*** Opening of Exercise materials ***
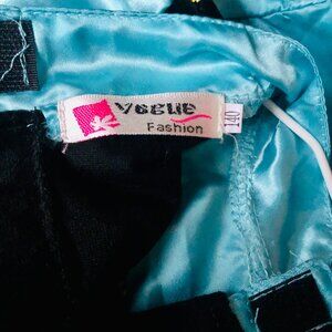 Design: Long-sleeved satin-style turquoise top with attached black velvet-style bodice decorated with floral and golden trim. Blue skirt with floral details.
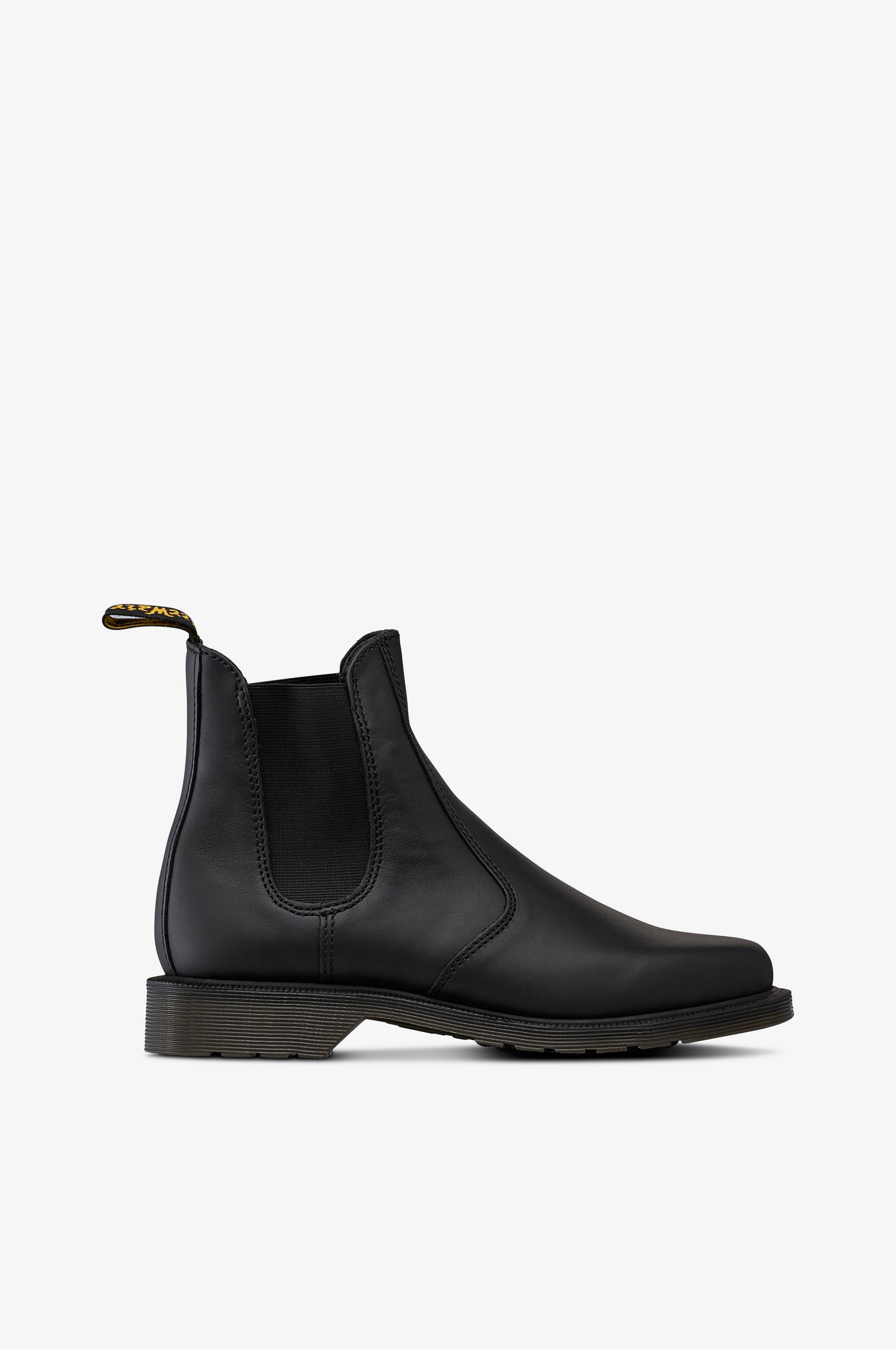Laura är en klassisk chelseaboots från Dr Martens. Bootsen har resår på båda sidor om skaftet och grov Dr Martens-sula i gummi. Vävd hälla bak på skaftkanten. Fodrad med skinn baktill och textil framtill.
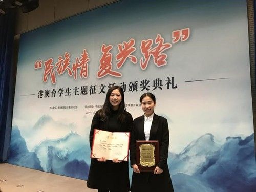 (通讯员 李一帆)1月8日,由教育部主办的“民族情,复兴路”港澳台学生主题征文活动颁奖典礼在中国政法大学举行,我校荣获组织奖,其中我院2015级国际经济与贸易专业学生黄玉瑶同学荣获二等奖。
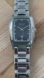Description: Blue textured rectangular dial with date window. Stainless steel and luminous hands and markers. Stainless steel bracelet with push-button clasp. Just cleaned and serviced with a new battery installed. Works well!
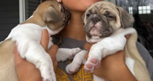 Our puppies include brindle, tricolors, fawn and white, and black and tan. Colors will vary depending on the parent dogs.
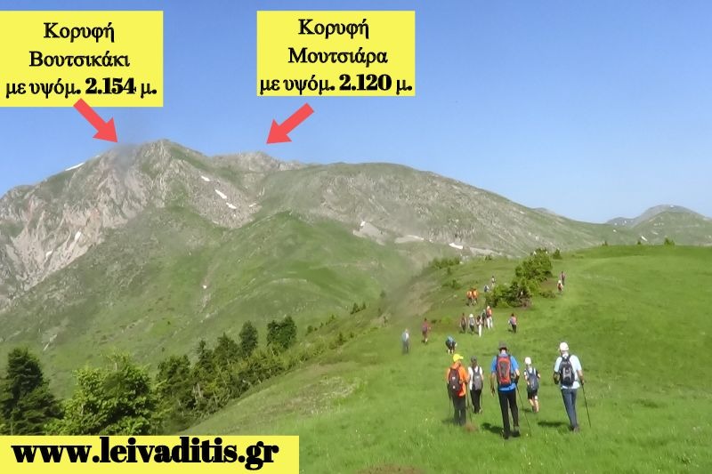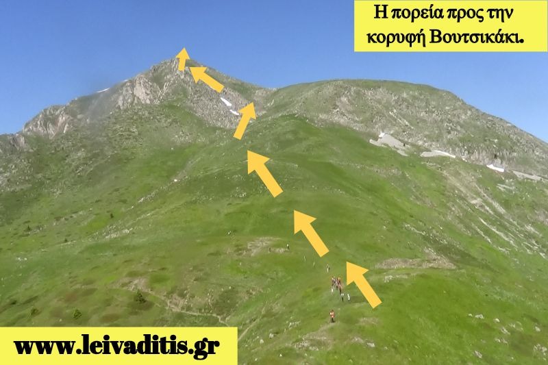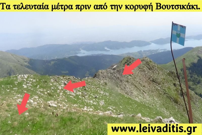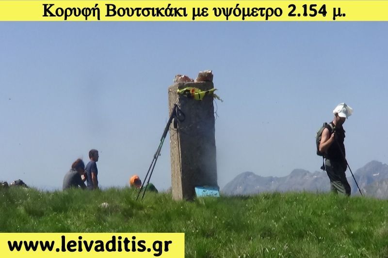 Από το λιβάδι μετά από 1 ώρα και 20 λεπτά θα φτάσετε στη κορυφή Βουτσικάκι σε υψόμετρο 2.154 μέτρων, αφού περπατήσετε άλλα 2 χιλιόμετρα. Προσοχή η κορυφή δεν είναι η πρώτη "μύτη" που φαίνεται αλλά θα δείτε ότι όταν την πλησιάσετε θα πρέπει αν περπατήσετε πάνω σε μία κόψη και για 200 περ'ιπου μέτρα πριν φτάσετε στην κορυφή η οποία έχει και κεραία για vhf (Εικόνα 11)...
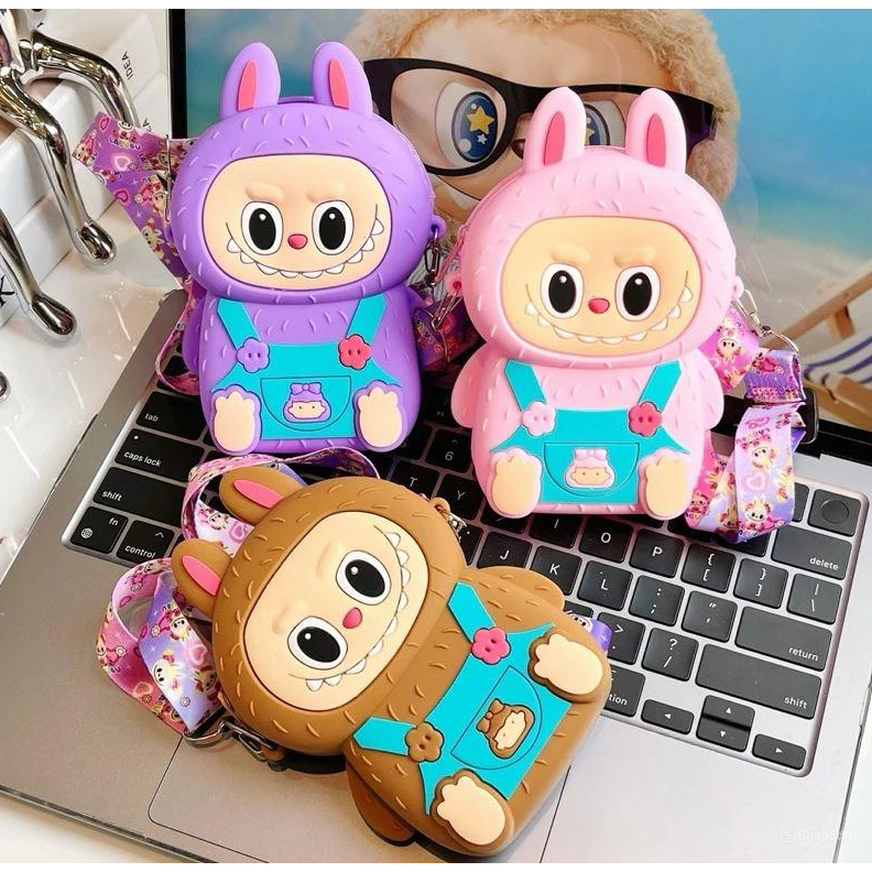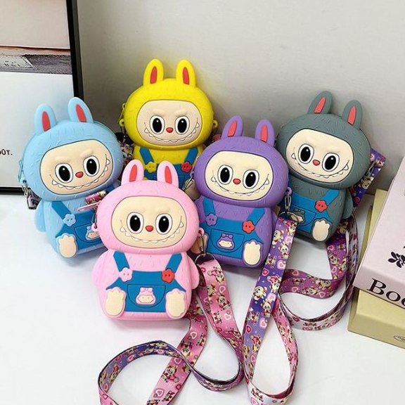Tas Selempang Labubu Tas Silikon Tas Labubu Anak Tas Boneka Kartun Anak Tahan Air
*** Close of Exercise materials ***
Could you retype every line above exactly as it appears, skipping the pictures?

## Solution to the problem
 Design: Long-sleeved satin-style turquoise top with attached black velvet-style bodice decorated with floral and golden trim. Blue skirt with floral details.
Laura är en klassisk chelseaboots från Dr Martens. Bootsen har resår på båda sidor om skaftet och grov Dr Martens-sula i gummi. Vävd hälla bak på skaftkanten. Fodrad med skinn baktill och textil framtill.
 (通讯员 李一帆)1月8日,由教育部主办的“民族情,复兴路”港澳台学生主题征文活动颁奖典礼在中国政法大学举行,我校荣获组织奖,其中我院2015级国际经济与贸易专业学生黄玉瑶同学荣获二等奖。
Description: Blue textured rectangular dial with date window. Stainless steel and luminous hands and markers. Stainless steel bracelet with push-button clasp. Just cleaned and serviced with a new battery installed. Works well!
 Our puppies include brindle, tricolors, fawn and white, and black and tan. Colors will vary depending on the parent dogs.
 Από το λιβάδι μετά από 1 ώρα και 20 λεπτά θα φτάσετε στη κορυφή Βουτσικάκι σε υψόμετρο 2.154 μέτρων, αφού περπατήσετε άλλα 2 χιλιόμετρα. Προσοχή η κορυφή δεν είναι η πρώτη "μύτη" που φαίνεται αλλά θα δείτε ότι όταν την πλησιάσετε θα πρέπει αν περπατήσετε πάνω σε μία κόψη και για 200 περ'ιπου μέτρα πριν φτάσετε στην κορυφή η οποία έχει και κεραία για vhf (Εικόνα 11)...
Tas Selempang Labubu Tas Silikon Tas Labubu Anak Tas Boneka Kartun Anak Tahan Air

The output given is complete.